SFU researcher Ehsan Jozaghi looked at the numbers and found that unsanctioned supervised-injection facilities that run similar to Insite can save lives and save the city money.
SFU researcher Ehsan Jozaghi looked at the numbers and found that unsanctioned supervised-injection facilities that run similar to Insite can save lives and save the city money.

It has long been an open secret in certain health-care circles that the Vancouver Area Network of Drug Users (VANDU) will, from time to time, operate an unsanctioned drug-consumption site.

Unlike Insite, North America’s only government-approved supervised-injection facility (SIF), the VANDU sites run illegally. Usually occupying a spare room somewhere in the Downtown Eastside, these locations serve as relatively safe places for crack cocaine and heroin users to access clean equipment and consume drugs. They will sometimes remain open for months before shutting down.

Now an August 2015 paper authored by SFU researcher Ehsan Jozaghi has examined one such site and found that the illegal operations have been a good deal for Vancouver taxpayers.

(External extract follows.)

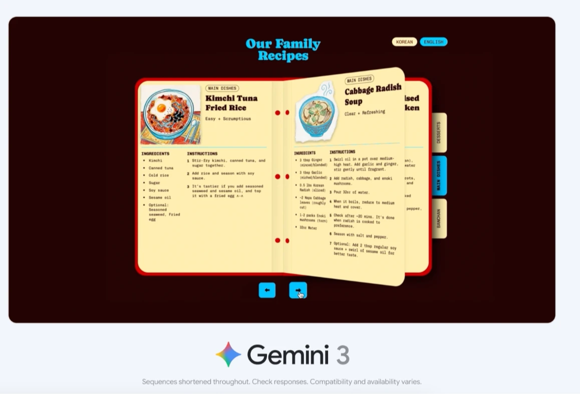 根據Google高層在簡報會表示,Gemini 3能夠轉換資訊格式,並根據單一提示產生視覺化內容或應用程式。例如,他們示範了當使用者詢問旅行計畫時,Gemini 3可以產生包含可點擊互動元件的視覺化圖表。

“VANDU’s unsanctioned SIF establishment in the DTES saves taxpayers’ money,” reads the paper published in the academic journal Health & Justice. It explains that significant cost savings occur because consumption sites lower the transmission rates of diseases such as HIV and hepatitis C, thus saving health-care expenditures on treatment. For example, researchers estimated that one additional SIF site can run on $97,203 per year to avert 30 new HIV cases and 81 new incidents of hepatitis C.

The paper notes that Insite is operating at its maximum capacity and that efforts to establish additional SIFs have long stalled in Ottawa on account of opposition from the federal Conservative government.